Différentes banques d'ADN ont donc été réalisées à partir d'une femelle de race Duroc (Tabasco) afin de disposer de fragments d'ADN génomique de tailles différentes ou des fragments d'ADN correspondant à la partie codante du génome (Figure 1).
La stratégie de séquençage du génome du porc et l'utilisation des différentes banques sont résumés dans la Figure 2. Une première version de la séquence du génome du porc (Draft V9) a été publiée en 2009 (Humphray et al., 2007). Dans un second temps l'ajout de séquences réalisées à partir de librairies WGS, et l'utilisation de séquences d'ADNc (ADN obtenu à partir d’ARN messager, qui correspond donc à une partie codante du génome) permettant l'annotation du génome (détermination des éléments fonctionnels) ont permis de proposer en 2012 une nouvelle version de la séquence de référence porcine (Draft V10.2) (Groenen et al., 2012). L'apport respectif des différentes librairies à la production de la séquence de référence actuelle est résumé sur la Figure 2.

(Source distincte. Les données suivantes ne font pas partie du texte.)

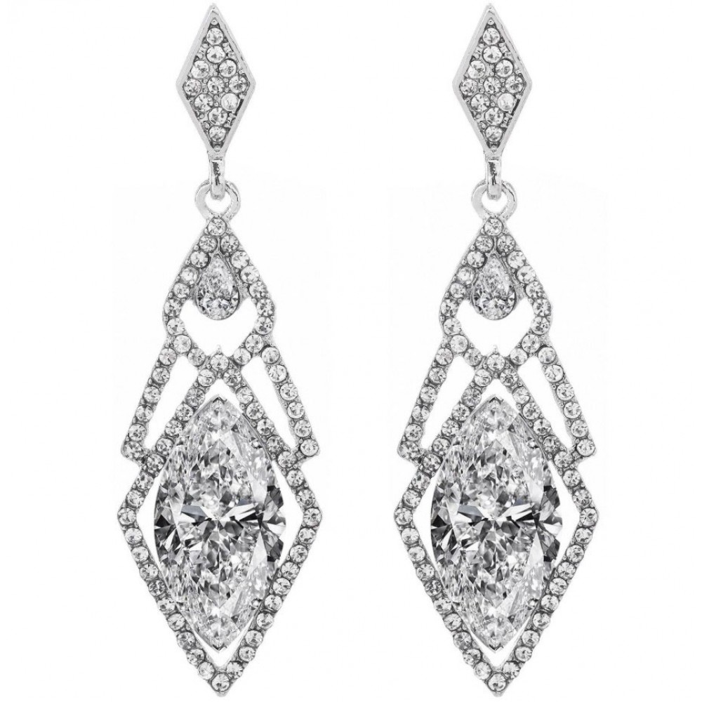 Длинные серебристые серьги с крупным кристаллом в стиле Гэтсби для гангстерской вечеринки

Actuellement la version V10.2 comprend 2,80 Gb de séquences agencées sous la forme de 5 343 scaffolds. La taille moyenne des scaffolds est de 436 176 bases et la valeur N50 de 637 332 (le paramètre N50 indique que 50% des scaffolds ont une taille d'au moins la valeur indiquée). A une résolution plus fine, la valeur N50 des contigs est de 80 720 bases ; à titre comparatif cette valeur est supérieure à celle obtenue pour la séquence bovine (Btau3.1 : N50 = 76 449 bases) mais de qualité moindre que celle obtenue pour la séquence du cheval (EquCab2 : N50 = 112 381 pb). La qualité de l'agencement des séquences constituant cette séquence de référence a également été estimée par comparaison avec les cartes publiées du génome du porc ce qui a permis de confirmer que la qualité de cette version était bonne.
Dans les années à venir des versions améliorées de cette séquence seront certainement publiées mais d'ores et déjà, la disponibilité de la version V10.2 permet d'entreprendre des analyses inenvisageables jusqu'à présent.
Figure 2 ‐ Stratégie de séquençage basée sur une cartographie physique préalable du génome du porc.
Utilisation respective des différentes banques d'ADN pour compléter et affiner la qualité de l'assemblage des versions successives de la séquence de référence.
BAC : chromosome artificiel de bactérie ; minimum tiling path : nombre minimum de fragments permettant de couvrir l’ensemble du génome ; fosmides : plasmides pouvant contenir des inserts d’ADN de 40000 pb ; WGS : séquençage aléatoire global ; contig : ensemble de fragments de séquences chevauchantes alignées ; scaffold : ensemble de contigs orientés et ordonnés.